Defending the Camaro

Source: Globe and Mail
August 29, 2006
vice-president, corporate and environmental affairs, General Motors of Canada

Oshawa, Ont. -- Jeffrey Simpson's column regarding the great news that GM will invest $740-million to build the new Camaro in Oshawa contained some unfortunate inaccuracies (Where's The Camaro Muscle In Fighting Climate Change? -- Aug. 25).

GM's new vehicles, (including the Camaro when it launches in 2009) have so dramatically reduced smog-causing emissions that today, if Mr. Simpson burns a cord of wood in his fireplace, he will generate more smog emissions than a fleet of 10 Chevy Camaros over their entire practical lifetime.

And while GM has not yet announced engine specifics for the Camaro, other GM sports cars such as the Chevy Corvette today achieve exceptional fuel economy, approaching 37 miles per Imperial gallon on the highway (7.6 litres per 100 kilometres).

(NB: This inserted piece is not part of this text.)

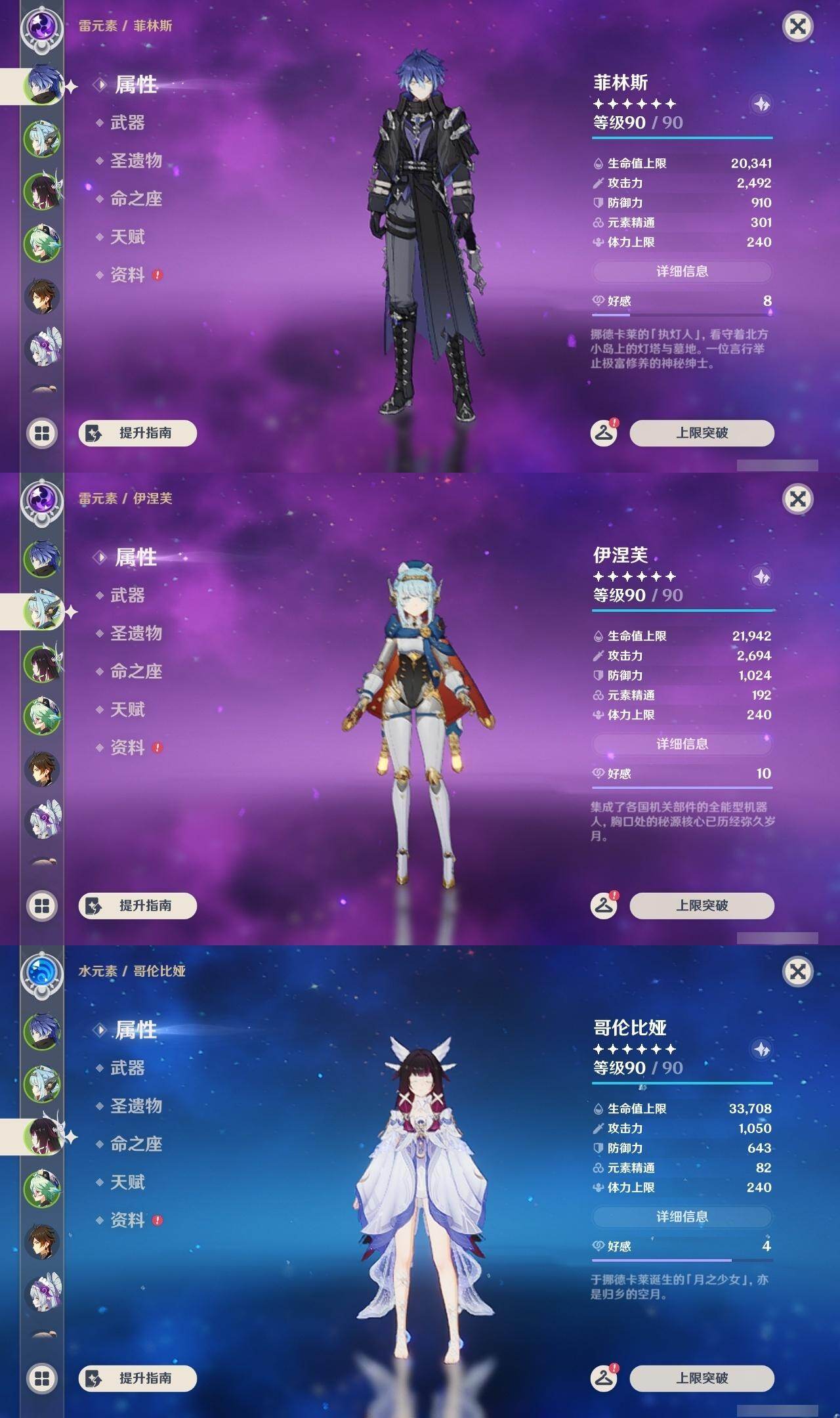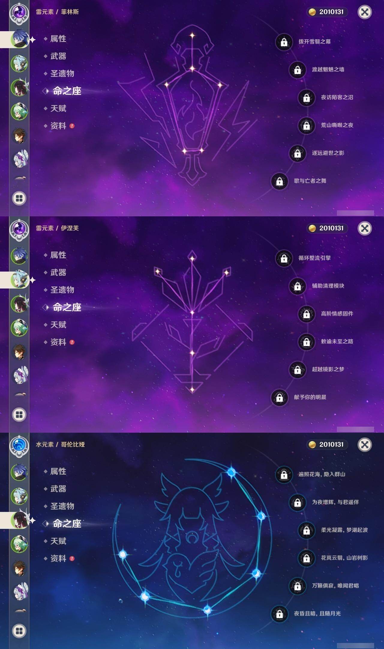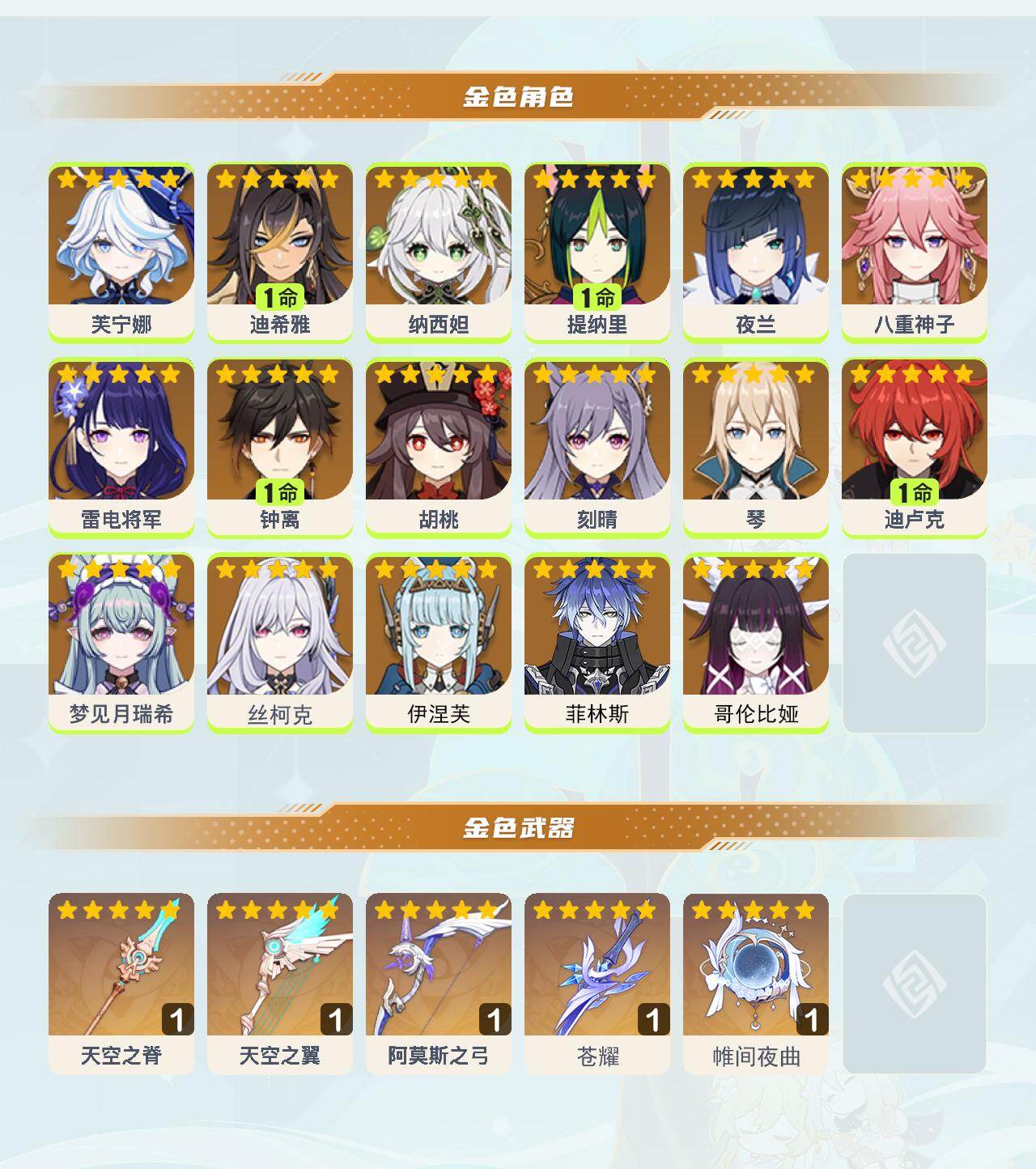 0命芙宁娜,1命迪希雅,0命纳西妲,1命提纳里,0命夜兰,0命八重神子,0命雷电将军,1命钟离,0命胡桃,0命刻晴,0命琴,1命迪卢克,0命梦见月瑞希,0命丝柯克,0命伊涅芙,0命菲林斯,0命哥伦比娅,精1天空之脊,精1天空之翼,精1阿莫斯之弓,精1苍耀,精1帷间夜曲

Furthermore, following our industry's voluntary agreement to reduce greenhouse gases from our vehicles by 5.3 million tonnes by 2010, new GM technologies like active fuel management, flex fuel E85 and our new hybrid engines are being deployed in Canada with great benefit for saving fuel and reducing emissions.

Rather than unfairly slamming our products and the auto workers of Durham Region who make them, Mr. Simpson might consider that the Oshawa-made flex-fuel Chevy Impala, running on E85 ethanol from Ottawa-based Iogen Corp., generates more than 35 per cent less net carbon dioxide than the smallest hybrid cars sold in North America today.